Saturday 14 July 2012

Tales of the past 3




These are the “Sunday” driving reins, for sledges, made approx. 1880. Here reins were usually made in tablet weaving technic as it gives really thick and strong material. Actually as a belt it feels a bit too thick but for durability of reins – just perfect. 

Tablet weaving with cards is traceable to the early Iron Age. The warp yarn is threaded through flat squares of wood that control the direction of the lift. Various patterns are created by the direction of the turn of the tablet or square. 


Actually these reins also has a story to tell. My grand-grand-grand-aunt was driving sledge in 1889, with 3 horses and was speeding. Yes, they were speeding even then!. She didn't took the corner right, sledge turned over and hit her on the back. Her backbone was broken but she manage to survive, drive home and spent in bed another 6 months after the accident until she gave up. She was 83 then. The reins were kept as a reminder that sometimes even the skilled can loose reins...  

Sometime when I think about my family's ladies of the past I feel shame about all the fun I am missing. They really lived in full force, these old ladies of the past. 

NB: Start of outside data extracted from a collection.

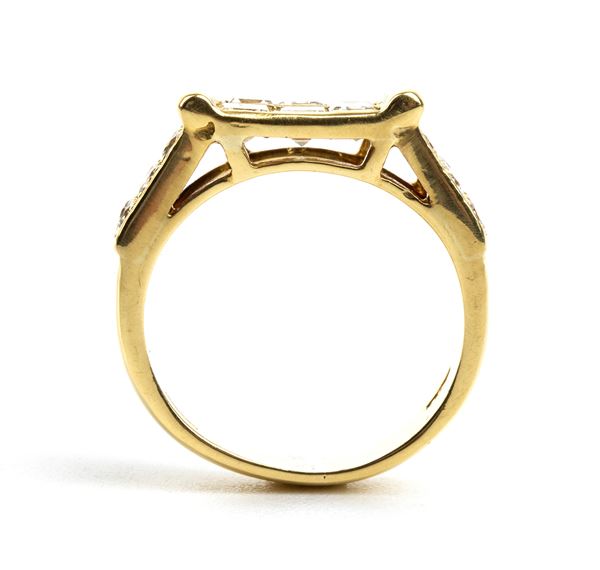 18k yellow gold, set with diamonds. N. 18 round shape brilliant cut diamonds and 6 rectangular shape step cut diamonds approx. 2.00 ct tot, E-F, IF-VVS. Hallmarked "750 - 1974 AL".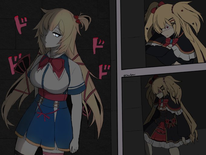 Reine Pavolia cosplaying as Sagume Kishin from Touhou Legacy of Lunatic Kingdom , Goddess Who Invites Unfortunate Slips of the Tongue. #Reinessance Reference and transparent bg in replies.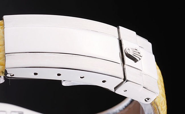 Rannekoru: Keltainen käärme nahka hihna Rolex & logokaiverrukselle & ruostumattomasta teräksestä käyttöönoton lukko näyttämällä Rolex logo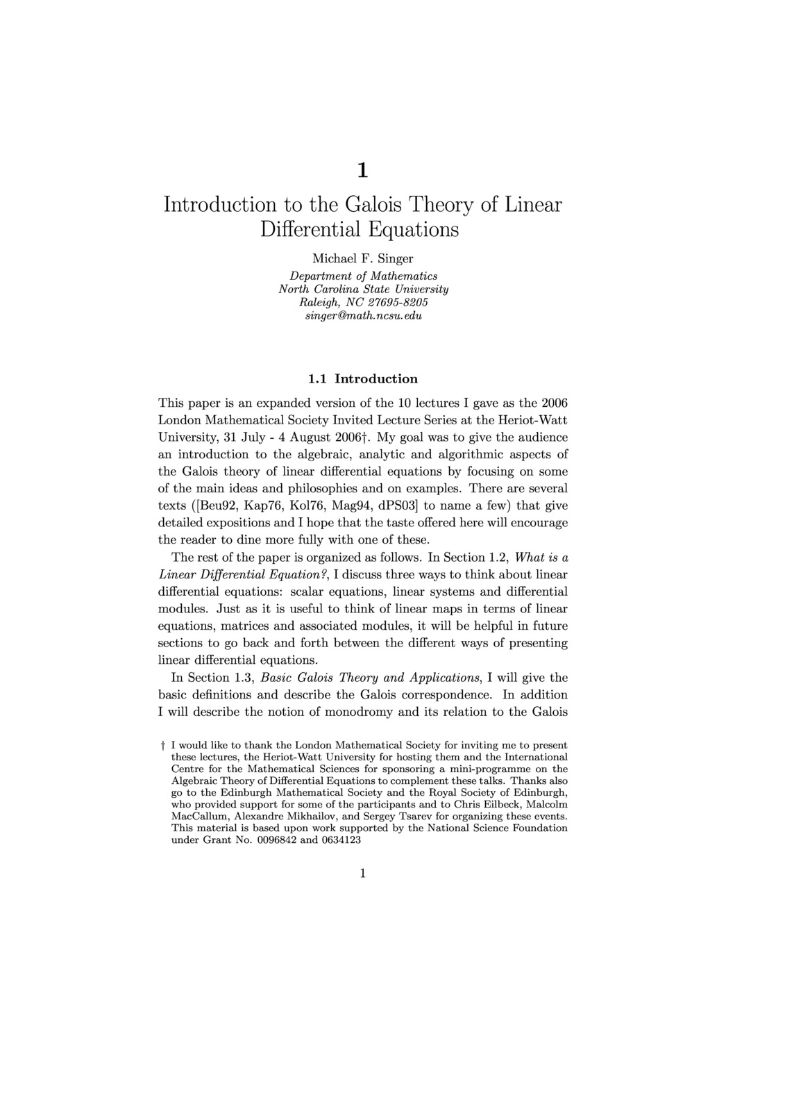 | Differential equations and computer algebra | Galois Theory of Difference Equations | Introduction to the Galois theory of linear differential equations |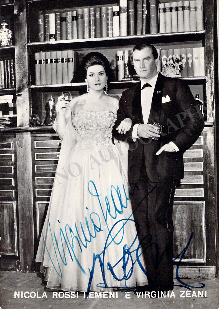 Romanian soprano (1925-2023) and Turkish-born Italian bass (1920-1991), married to each other from 1957-1991, double signed postcard photograph, shown as themselves. Photo by Farabola photo studio, Milan. Size is 4 x 5.75 inches, in excellent condition.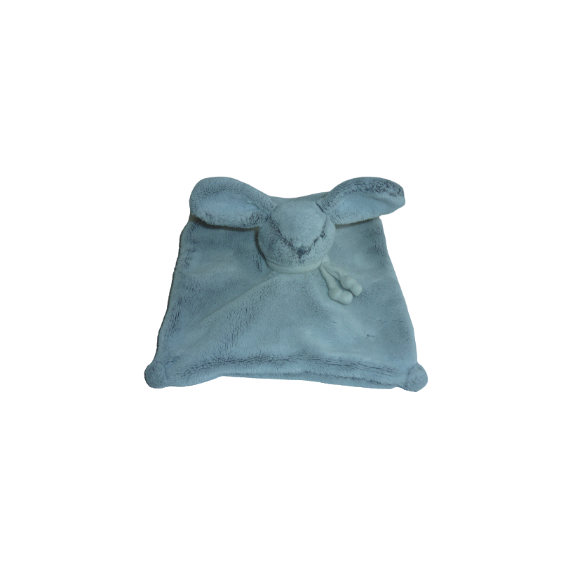 Doudou plat lapin 20x20 cm environ, gris. Etat : Bon état (étiquette de la marque coupée). DOUDOU DIFFICILE A TROUVER

If my great grandma managed to weave a long posh reins, my grandma already had different interests so only few samples had been left, made by her. Her childhood fell in WWI and later there were no much need for Sunday reins anymore, priorities were sheets and towels...  But still - for learning purposes - they needed to do a bit of this and that - who knows what they might need later.... 

And by this reason my grandma also showed me how to do things as well. Just for the knowledge bit... so its not lost... I was not able to find any tablet woven samples done by me but I remember how I was making them as a child. But I find one in other technic, done on pencils. 
 
So now there are samples of 3 generations in one post. Sadly my mum missed all this fun - her childhood fell in WWII when were different priorities and later she went to college and the right time was lost - she barely learnt how to knit only but never enjoyed that. She was sewing a lot instead. And made many, many other things.